Far from the Madding Crowd

How do you make an immediate impact in the saturated UK SME finance marketplace? You do something no one else is doing. In 2016, against a backdrop of ever-increasing competition in the financial services sector, Seneca Trade Partners (“STP”) was launched. The mission was to provide stock finance to UK businesses at up to 100% loan to value (“LTV”).

Stock Finance has long been considered one of the most difficult types of working capital finance to deliver to small, expanding businesses. Finance for stock exists in a number of forms, none of which seem to fit the requirements of a growing number of UK businesses. Existing stock finance providers are located at either of two extremes. At one end of the spectrum, institutional lenders advance funds on the basis of strong security, very low risk and low margin, and at the other end, smaller niche providers lend funds on a template of weak security, very high risk and high margin.

Trade Finance is not Stock Finance

At the low-risk end, there is Trade Finance which has been around for as long as there has been the exchange of goods for cash. In the modern financial marketplace, Trade Finance is effectively an exchange of documents, and Trade Financiers are often considered to be taking Bank risk rather than product risk. Trade Finance involves finished goods or commodities, large businesses, big transaction sizes, standard documentation, very low risk, and relatively low margin.

There are also some low risk Stock Finance facilities provided by Asset Based Lenders, who will provide funds secured on unencumbered stock at up to around 30% LTV. This sort of finance is seldom useful to rapidly growing businesses as it leaves a gap on inbound stock purchasing that’s too big to fill from cashflow, so this type of finance is usually used as a way of raising working capital for other purposes, rather than specifically for the purchase of new stock to fulfil a growing order book.

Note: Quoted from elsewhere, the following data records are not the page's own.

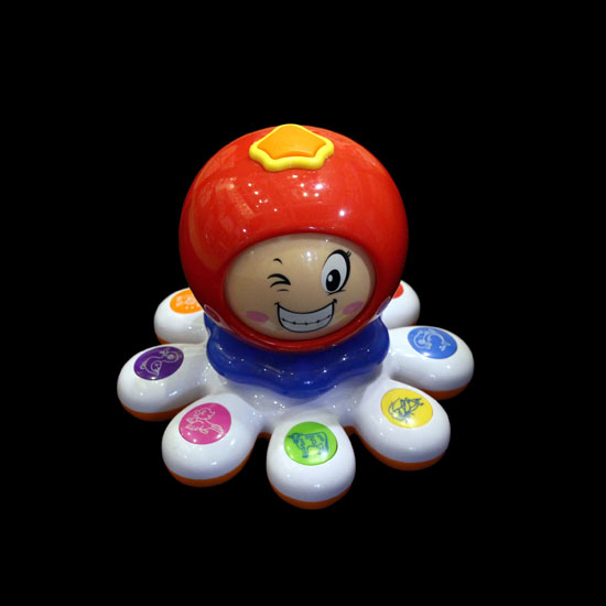 This is a toy octopus that comes with a colorful design. Made of plastic, this lightweight toy octopus features light and sound functions. This small toy octopus is a great choice for children above 3 years old.
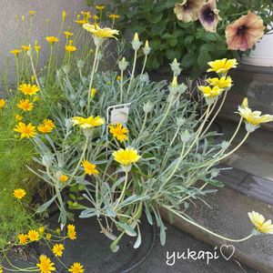 ダークベルグデージー🌼 冬越ししました*\(^o^)/* ちょっと花が小さい。。\(//∇//)\ 向こう側のシルバーリーフは🌿 ガザニアさん♡ 蕾がいっぱいです♫ さっきもう終わりのビオラさん達を 撤収💧 鉢を上げたらデカいムカデが🐛💦 殺虫しました💢 前に。。家の中にいたというトラウマです 気持ち悪い(°_°)
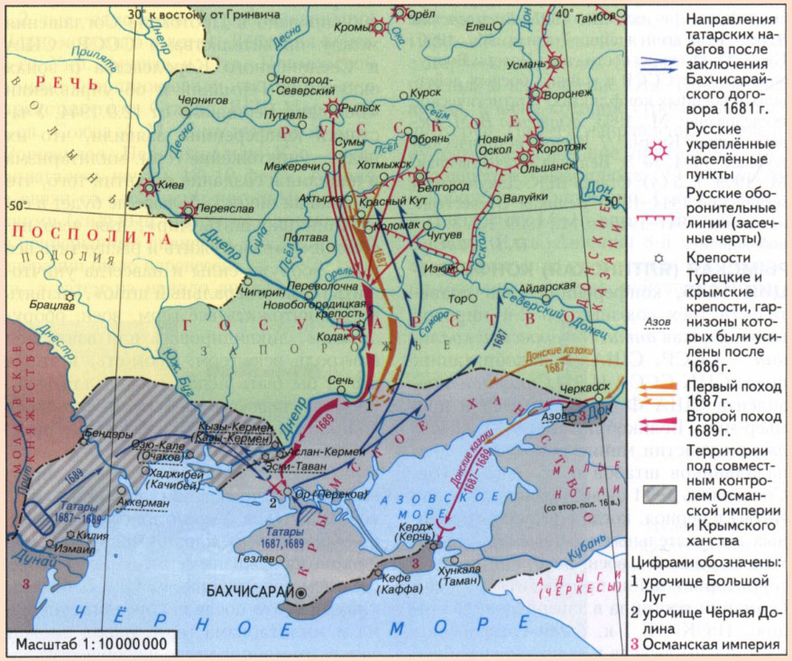 В осуществление этого договора состоялся (1687) первый поход в Крым во главе с Голицыным. Видимо, правительство Софьи стремилось успехами
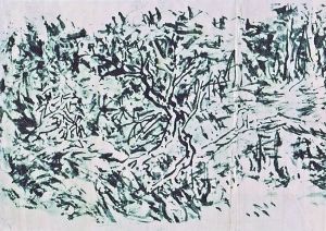 黄宾虹的这一运笔习惯,也是鉴别其画作真伪的关键点所在。他的画里经常会出现一笔下去出现两个线条,这是逆锋运笔的结果,假画里则没有这个特征。
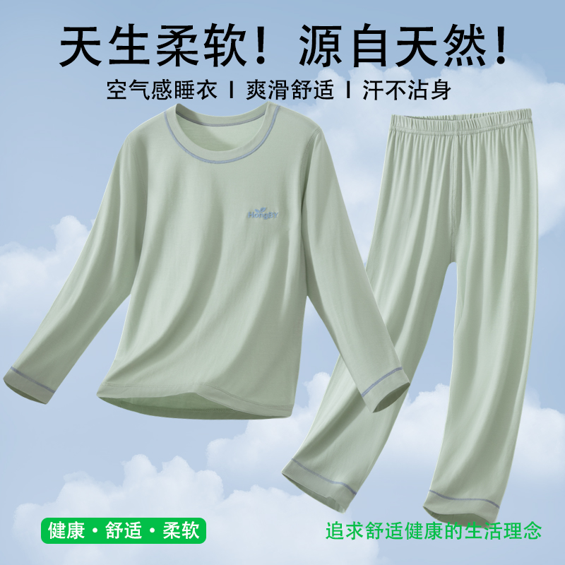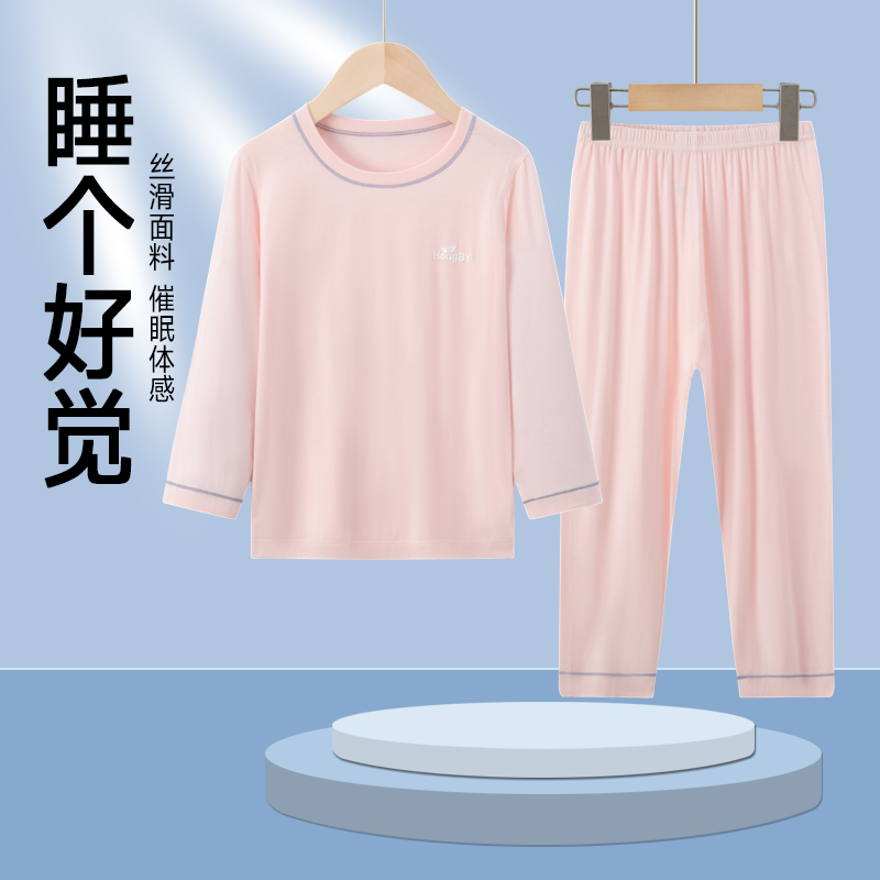 春秋儿童睡衣莫代尔男童家居服夏男孩空调服女童大童秋衣秋裤套装
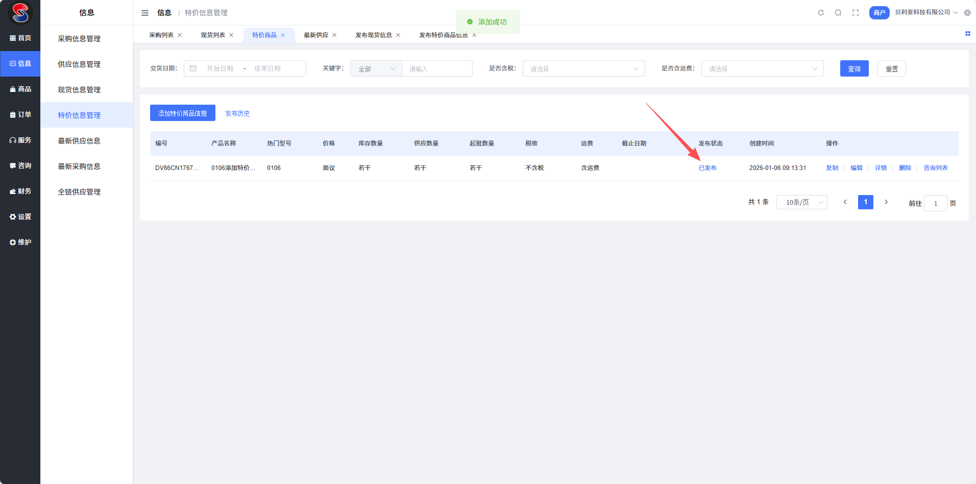 发布后,您可在“特价信息管理”列表中查看或管理已发布的信息。
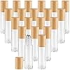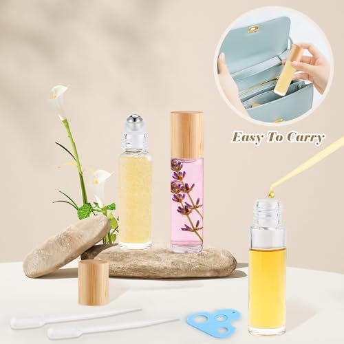 - Each clear glass bottle matches with a bamboo lid, bring you unique sense of beauty and a good mood when you use it or sharing. Thick glass and stainless steel roller ball.
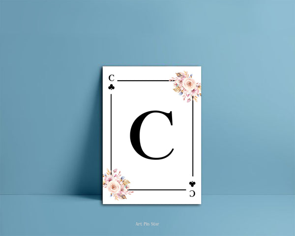 Boho Floral Bouquet Initial Flower Letter C Clover Monogram Note Cards
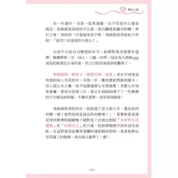 4歲喜歡一位幼稚園同班同學,因為他自告奮勇吃下我不敢吃的豆皮壽司。很抱歉,雖然升大班我就另結新歡了,但也開始累積各種戀愛/失戀經驗。三折肱為良醫,成長路上我因此時常擔任朋友們的愛情軍師或顧問;婚後,更幾度受託,希望我能傳授經營婚姻的撇步。
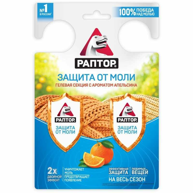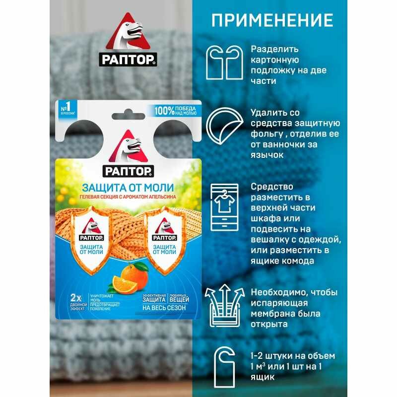 Защитите свои любимые вещи от моли! Сохранить уютные шерстяные свитера, элегантные кашемировые пальто, невесомые пуховики, роскошные шубы и шапки из натурального меха в их первозданном виде - непростая задача!Когда другие средства от моли не помогают, на выручку приходит гелевая секция РАПТОР! Видимый результат уже с первого дня применения!Благодаря эффективной формуле, разработанной для борьбы с молью и профилактики её появления, гелевая секция РАПТОР Двойной эффект с лёгкостью уничтожит не только моль, но и её личинки! Плюс подарит вам 4 месяца надёжной защиты от прожорливых насекомых!Разделите секцию на две части по линии перфорации и разложите в ящиках для хранения вещей или повесьте в шкафу или гардеробной комнате.Приятное дополнение - лёгкий аромат апельсина наполнит всё вокруг едва уловимым дыханием французского ПровансаВот увидите - ваши вещи будут вам благодарны и с удовольствием продолжат обнимать, согревать и украшать вас ещё не один сезон!Секрет популярности гелевой секции от моли РАПТОР Двойной эффект:- Эффективная формула для борьбы с молью и её личинками + профилактика появления новых особей- Содержит активное действующее вещество - трансфлутрин- Видимый эффект с первого дня использования- Удобная форма - можно положить в ящик или повесить в шкаф - Приятный аромат апельсина
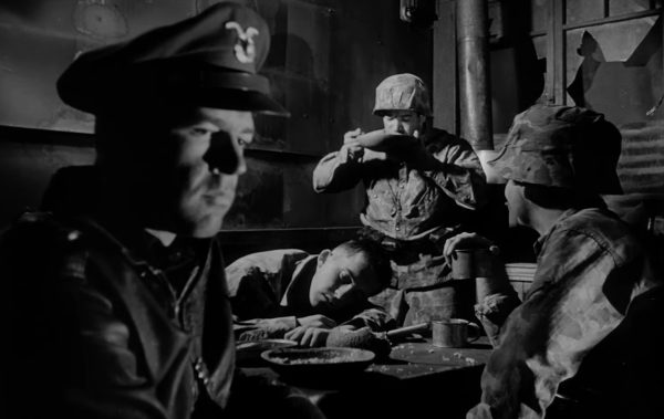 The script by Howard Sackler, who was also embarking on a long, storied career during his early days with Kubrick, sometimes veers into recursive “War is hell and what’s the point?” voice-overs, but for the most part, it keeps the story moving along as the four men argue about the best course of action.

What about new Financial Technologies?

At the other end of the risk scale are the new breed of Fin-tech lenders who provide facilities of up to a few hundred thousand pounds in the form of unsecured business loans. These loans are used by some borrowers to buy stock, but they are not stock loans, they are term loans. They are often unsuited to smaller but rapidly growing businesses as once these loan funds are spent on stock, they do not revolve in line with the stock trading cycle. The funds can be used once but that’s it because the liquidity provided by the loan is quickly lost in general cashflow.

A changing landscape

A key trigger for the launch of STP was the removal of credit limits by suppliers that many UK SMEs have found themselves experiencing. UK businesses have for many years benefitted from some level of credit from their overseas suppliers, but such credit is nowhere near as common as it once was and many suppliers are insisting on deposit payments before goods are even manufactured, with payment in full generally expected prior to shipment.

STP puts stock purchasing power in the hands of smaller growing businesses that have a growing sales pipeline but cannot obtain credit from suppliers.

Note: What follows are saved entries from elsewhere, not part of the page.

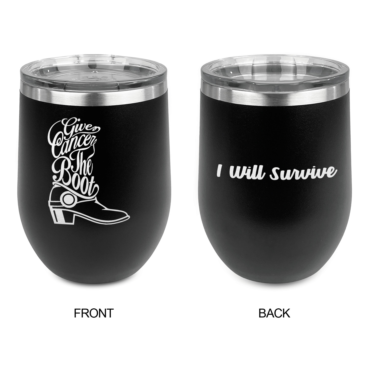 Design your wine tumbler with a cool graphic or quote. Even put your initials or monogram! These cups are laser engraved, which looks extra sharp on the metal tumbler.
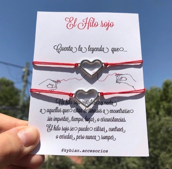 Cuenta una leyenda oriental que las personas destinadas a conocerse están conectadas por un hilo rojo invisible. Este hilo nunca desaparece y permanece constantemente atado a sus dedos, a pesar del tiempo y la distancia.
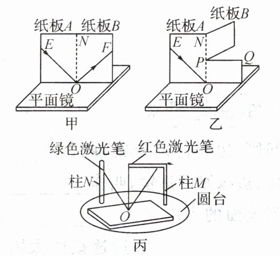 (5)接下来老师进行了如下演示(图丙):先用加湿器使整个教室充满雾气,将平面镜放在一能转动的水平圆台上,在柱M上固定一红色激光笔,使其发出的光垂直射向平面镜上的O点,其作用是为了显示法线的位置。然后打开固定在柱N上的绿色激光笔,使绿色激光射向O点,出现了如图丙所示的情景。老师水平方向缓缓转动圆台,当观察到,也可得出与(4)一致的结论。
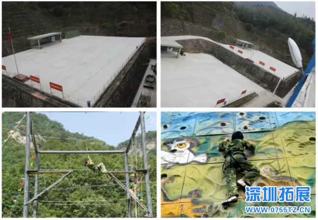 基地拥有四个训练场,共计15000余米,同时还有3个标准舞台。硬件设施完善。1号和2号训练场地毗邻,同时还有3号军事体验场和攀岩高空架场地。
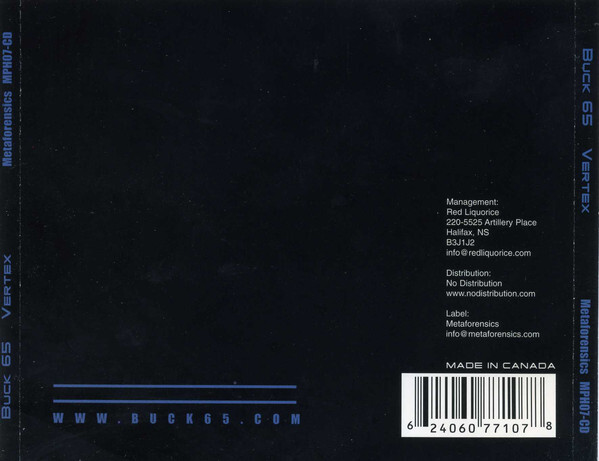 Vertex is an album from Halifax, Nova Scotia hip hop artist Richard Terfry, who performs as Buck 65. The album was originally released on cassette and was 90 minutes long, containing 20 more minutes of mostly instrumental music that was left off of the Warner version.
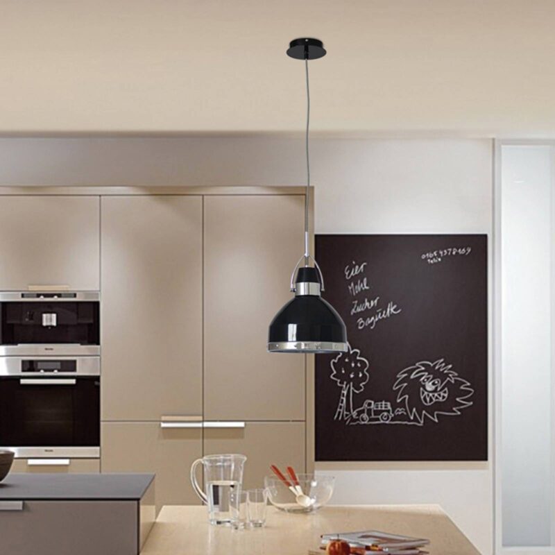 Čierna závesná lampa Britta s otočným tienidlomKombinácia čierneho lakovaného a pochrómovaného kovu a dizajn s tienidlom, ktoré sa otáča v držiaku, robia zo závesnej lampy Britta zdroj svetla, ktorý vnesie do každej miestnosti trochu industriálneho šiku. Možno ju použiť na osvetlenie stola alebo pultu a možno ju osadiť všetkými typmi žiaroviek s päticou E27.

So, if there is demand for 100% stock funding in the marketplace, why has that demand not already been satisfied? Why is there a shortage of dedicated Stock funders in the UK?

The answer is simple. Stock funding is difficult.

Providing 100% LTV stock funding in a low-risk way requires a thorough knowledge of UK trading laws. It is operationally intensive, it requires flexibility and it demands constant vigilance and discipline.

In order to benefit from Retention of Title-based (“ROT”) security, stock funders must insert themselves in the supply chain. This means paying supplier invoices directly and reinvoicing the goods onto their client. That creates a lot of paperwork, and where the stock is made up of goods that are not finished, ROT is quickly lost.

Stock funders are forced to accept a weaker security position than most other secured lenders, even if the stock funder holds a debenture over their client’s business. This is because stock funders only ever benefit from a floating charge over the stock they fund, unlike invoice financiers for example, who under UK insolvency law hold a fixed charge over the book debts of a business.

In the event of a client insolvency, it’s a generally accepted rule of thumb that stock funders will lose out, as their stock turns into the invoices that are either the property of an invoice financier, or the business itself and the proceeds of the sale of the stock will be shared amongst secured creditors and be subject to statutory deductions.

What about the risks?

STP was founded with the mindset that just because something is difficult, it doesn’t make it impossible. We mitigate and control risk in various ways:

  • We choose our clients carefully, based upon their trading history;
  • We have exceptionally good processes and controls;
  • We take supplementary security where necessary;
  • We arrange formal tie-ups with Invoice Financiers, where we are paid directly by them as our stock is sold;
  • We structure our facilities in a way that provides a constant flow of stock-purchasing liquidity. If repayments are not kept up to date, we can suspend funding whilst we solve whatever problems have arisen in the business or the supply chain, before the situation gets out of hand.

In its first two years, STP has purchased more than £15m of stock on behalf of its clients and has a current stock loan book of over £4m. We are particularly proud of our low default rates and that STP has been profitable as a business since inception.

The ambition for the business is to grow in scale in a measured way, and to become the go-to provider for 100% LTV stock funding to SMEs in the UK.